[Collection entries]
═══

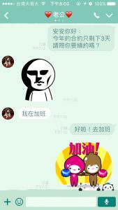 大概每一小時就問ㄧ下兩隻小娃的狀況,一下課就想馬上趕回家,深怕老公Hold不住!不過看到老公傳來的照片就感到安心許多!
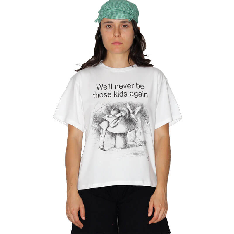 AMUNT™ Those Kids Again Tee – White: Inspired by Frank Ocean’s Ivy, a song from Blonde that captures the ache of lost youth and the poetry of memory. The t-shirt features a classic storybook-style illustration, juxtaposing innocence with emotional depth. This crossover of visual languages, the raw lyricism of Ocean and the naive softness of the image, creates a quiet tension, like a lullaby for something that’s already gone.
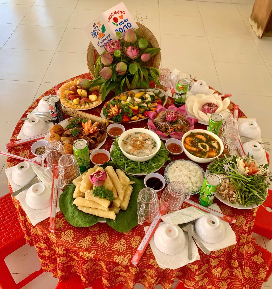 “Mâm cơm hạnh phúc” ở các tổ trong trường là hoạt động ý nghĩa nhằm gắn kết tập thể, lan tỏa yêu thương và tri ân phụ nữ nhân ngày 20/10. Thông qua việc cùng nhau chuẩn bị và chia sẻ bữa ăn, các thầy cô và học sinh thể hiện tình đoàn kết, tinh thần hợp tác và lòng biết ơn đối với các cô giáo, nữ nhân viên – những người luôn tận tâm đóng góp cho nhà trường và học sinh.
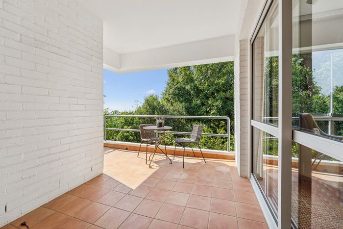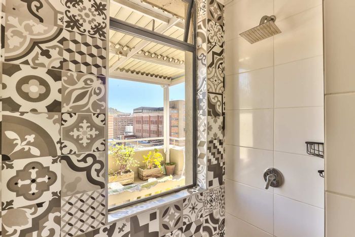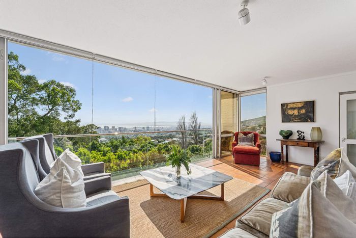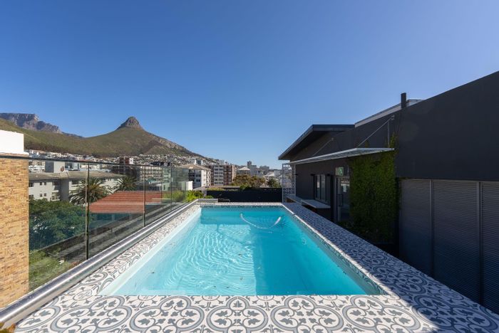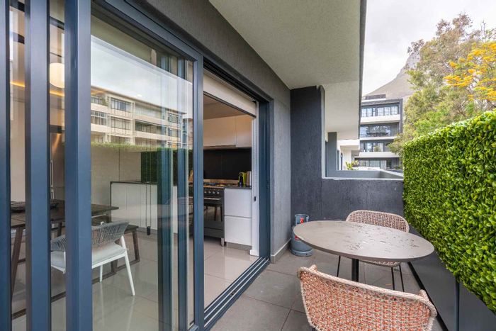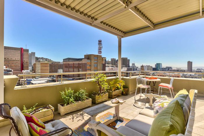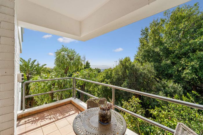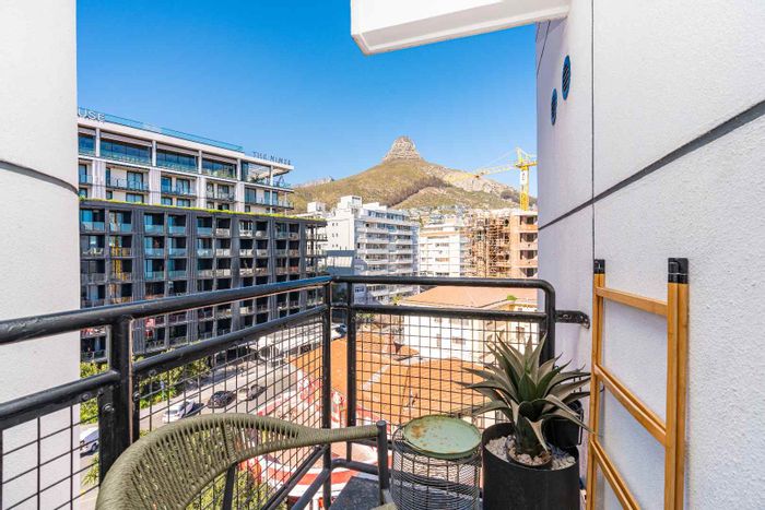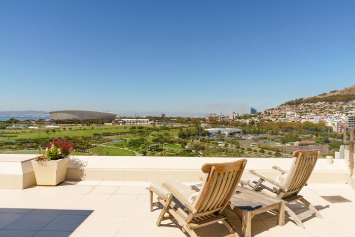 Two-bedroom apartment with city views, balcony access, and parking near Kloof Street and De Waal Park.
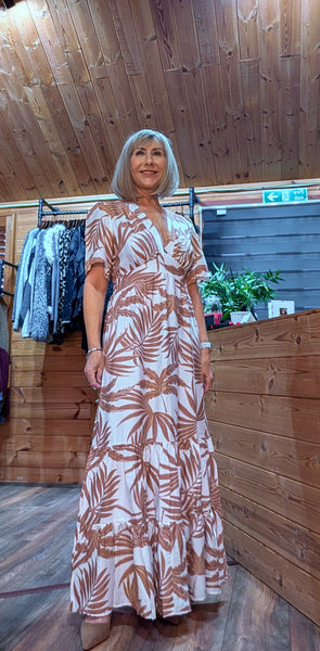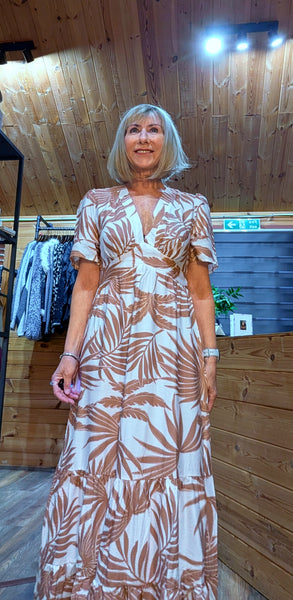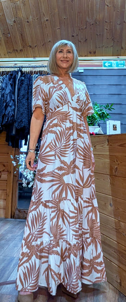 In a soft beige with a striking leaf print, Anastasia is perfect for everyday wear, holidays, brunches out or relaxed summer occasions. Style with sandals for daytime or dress it up with wedges and jewellery for evening out.
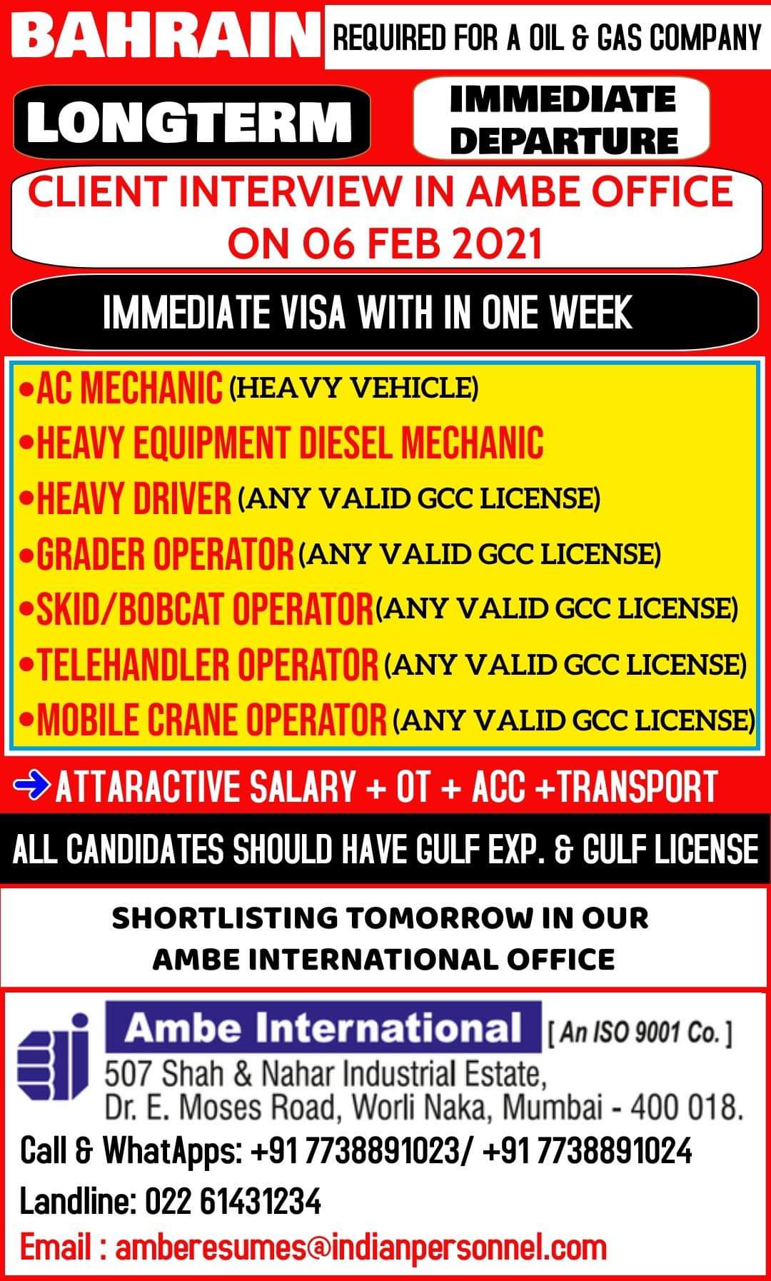 +ATTARACTIVE SALARY + OT + Acc +TRANSPORT

═══

WHAT YOU NEED TO DO ::
Write out, word for word, the lines from the start of the data through the one holding "AMUNT™ Those Kids". Omit pictures.

RESPONSE TO THIS TASK ::
 大概每一小時就問ㄧ下兩隻小娃的狀況,一下課就想馬上趕回家,深怕老公Hold不住!不過看到老公傳來的照片就感到安心許多!
 AMUNT™ Those Kids Again Tee – White: Inspired by Frank Ocean’s Ivy, a song from Blonde that captures the ache of lost youth and the poetry of memory. The t-shirt features a classic storybook-style illustration, juxtaposing innocence with emotional depth. This crossover of visual languages, the raw lyricism of Ocean and the naive softness of the image, creates a quiet tension, like a lullaby for something that’s already gone.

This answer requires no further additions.